Unfortunately for the mining engineer, not only has he to weigh the amount of risk inherent in calculations involved in the mine itself, but also that due to fluctuations in the value of metals. If the ore is shipped to custom works, he has to contemplate also variations in freights and smelting charges. Gold from the mine valuer's point of view has no fluctuations. It alone among the earth's products gives no concern as to the market price. The price to be taken for all other metals has to be decided before the mine can be valued. This introduces a further speculation and, as in all calculations of probabilities, amounts to an estimate of the amount of risk. In a free market the law of supply and demand governs the value of metals as it does that of all other commodities. So far, except for tariff walls and smelting rings, there is a free market in the metals under discussion.

The demand for metals varies with the unequal fluctuations of the industrial tides. The sea of commercial activity is subject to heavy storms, and the mine valuer is compelled to serve as weather prophet on this ocean of trouble. High prices, which are the result of industrial booms, bring about overproduction, and the collapse of these begets a shrinkage of demand, wherein consequently the tide of price turns back. In mining for metals each pound is produced actually at a different cost. In case of an oversupply of base metals the price will fall until it has reached a point where a portion of the production is no longer profitable, and the equilibrium is established through decline in output. However, in the backward swing, due to lingering overproduction, prices usually fall lower than the cost of producing even a much-diminished supply. There is at this point what we may call the "basic" price, that at which production is insufficient and the price rises again. The basic price which is due to this undue backward swing is no more the real price of the metal to be contemplated over so long a term of years than is the highest price. At how much above the basic price of depressed times the product can be safely expected to find a market is the real question. Few mines can be bought or valued at this basic price. An indication of what this is can be gained from a study of fluctuations over a long term of years.

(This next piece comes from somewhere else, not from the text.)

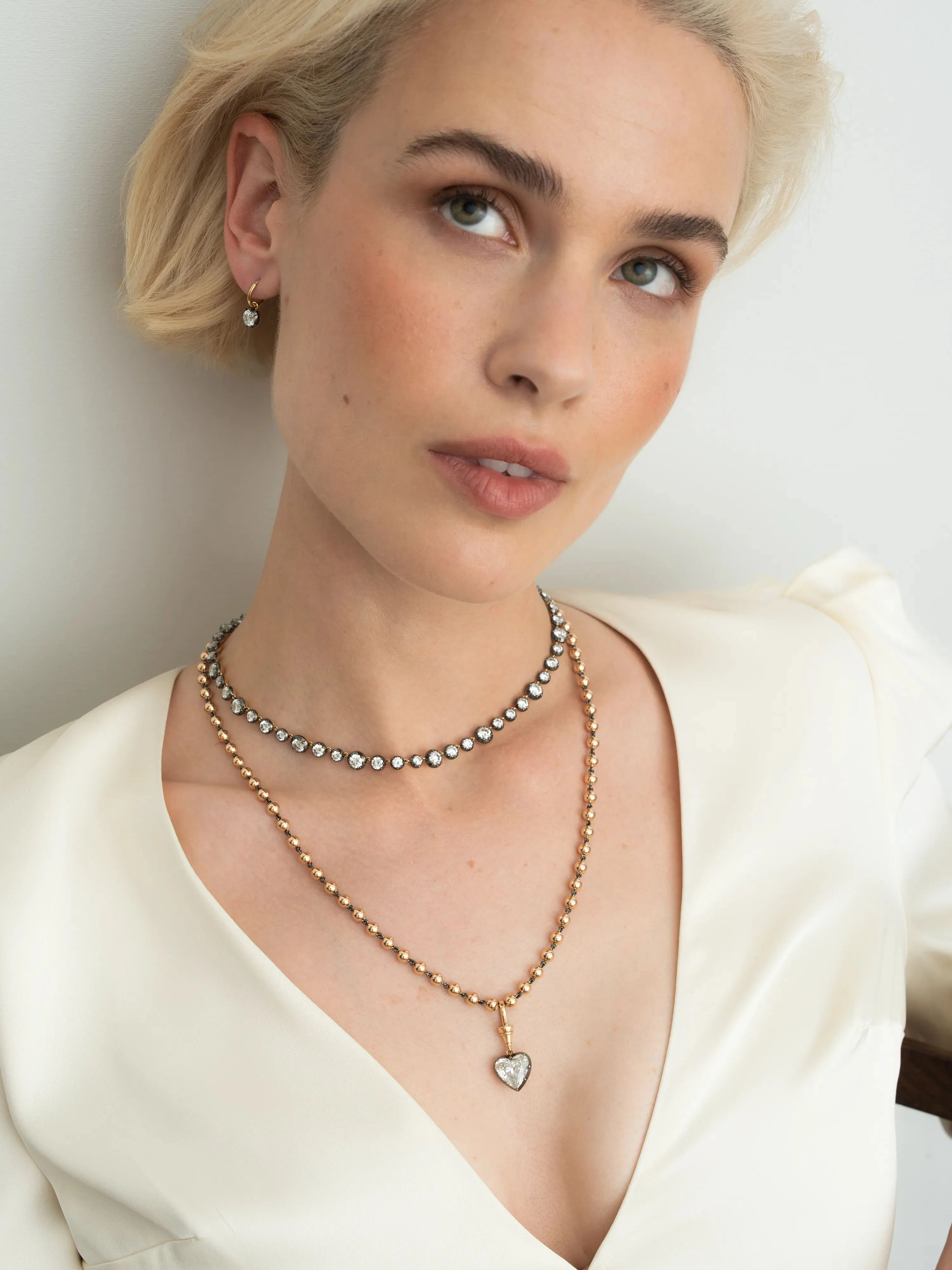 A Ball n Chain Heart-Shaped Diamond Pendant with a 5.10ct heart-shaped diamond, set in a Georgian style cut-down setting in 18K blackened white gold & rose gold.

It is common to hear the average price over an extended period considered the "normal" price, but this basis for value is one which must be used with discretion, for it is not the whole question when mining. The "normal" price is the average price over a long term. The lives of mines, and especially ore in sight, may not necessarily enjoy the period of this "normal" price. The engineer must balance his judgments by the immediate outlook of the industrial weather. When lead was falling steadily in December, 1907, no engineer would accept the price of that date, although it was then below "normal"; his product might go to market even lower yet.

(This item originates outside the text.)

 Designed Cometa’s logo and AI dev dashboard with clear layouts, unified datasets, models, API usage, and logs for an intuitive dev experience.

It is desirable to ascertain what the basic and normal prices are, for between them lies safety. Since 1884 there have been three cycles of commercial expansion and contraction. If the average prices are taken for these three cycles separately (1885-95), 1895-1902, 1902-08) it will be seen that there has been a steady advance in prices. For the succeeding cycles lead on the London Exchange,[*] the freest of the world's markets was £12 12s. 4d., £13 3s. 7d., and £17 7s. 0d. respectively; zinc, £17 14s. 10d., £19 3s. 8d., and £23 3s. 0d.; and standard copper, £48 16s. 0d., £59 10s. 0d., and £65 7s. 0d. It seems, therefore, that a higher standard of prices can be assumed as the basic and normal than would be indicated if the general average of, say, twenty years were taken. During this period, the world's gold output has nearly quadrupled, and, whether the quantitative theory of gold be accepted or not, it cannot be denied that there has been a steady increase in the price of commodities. In all base-metal mining it is well to remember that the production of these metals is liable to great stimulus at times from the discovery of new deposits or new processes of recovery from hitherto unprofitable ores. It is therefore for this reason hazardous in the extreme to prophesy what prices will be far in the future, even when the industrial weather is clear. But some basis must be arrived at, and from the available outlook it would seem that the following metal prices are justifiable for some time to come, provided the present tariff schedules are maintained in the United States:

[Footnote *: All London prices are based on the long ton of 2,240 lbs. Much confusion exists in the copper trade as to the classification of the metal. New York prices are quoted in electrolytic and "Lake"; London's in "Standard." "Standard" has now become practically an arbitrary term peculiar to London, for the great bulk of copper dealt in is "electrolytic" valued considerably over "Standard.">[

Lead Spelter Copper Tin Silver
London Ton N.Y. Pound Lon. Ton N.Y. Pound Lon. Ton N.Y. Pound Lon. Ton N.Y. Pound Lon. Per oz. N.Y. Per oz.
Basic Price £11. $.035 £17 $.040 £52 $.115 £100 $.220 22d. $.44
Normal Price 13.5 .043 21 .050 65 .140 130 .290 26 .52

In these figures the writer has not followed strict averages, but has taken the general outlook combined with the previous records. The likelihood of higher prices for lead is more encouraging than for any other metal, as no new deposits of importance have come forward for years, and the old mines are reaching considerable depths. Nor does the frenzied prospecting of the world's surface during the past ten years appear to forecast any very disturbing developments. The zinc future is not so bright, for metallurgy has done wonders in providing methods of saving the zinc formerly discarded from lead ores, and enormous supplies will come forward when required. The tin outlook is encouraging, for the supply from a mining point of view seems unlikely to more than keep pace with the world's needs. In copper the demand is growing prodigiously, but the supplies of copper ores and the number of copper mines that are ready to produce whenever normal prices recur was never so great as to-day. One very hopeful fact can be deduced for the comfort of the base metal mining industry as a whole. If the growth of demand continues through the next thirty years in the ratio of the past three decades, the annual demand for copper will be over 3,000,000 tons, of lead over 1,800,000 tons, of spelter 2,800,000 tons, of tin 250,000 tons. Where such stupendous amounts of these metals are to come from at the present range of prices, and even with reduced costs of production, is far beyond any apparent source of supply. The outlook for silver prices is in the long run not bright. As the major portion of the silver produced is a bye product from base metals, any increase in the latter will increase the silver production despite very much lower prices for the precious metal. In the meantime the gradual conversion of all nations to the gold standard seems a matter of certainty. Further, silver may yet be abandoned as a subsidiary coinage inasmuch as it has now but a token value in gold standard countries if denuded of sentiment.

COST OF PRODUCTION.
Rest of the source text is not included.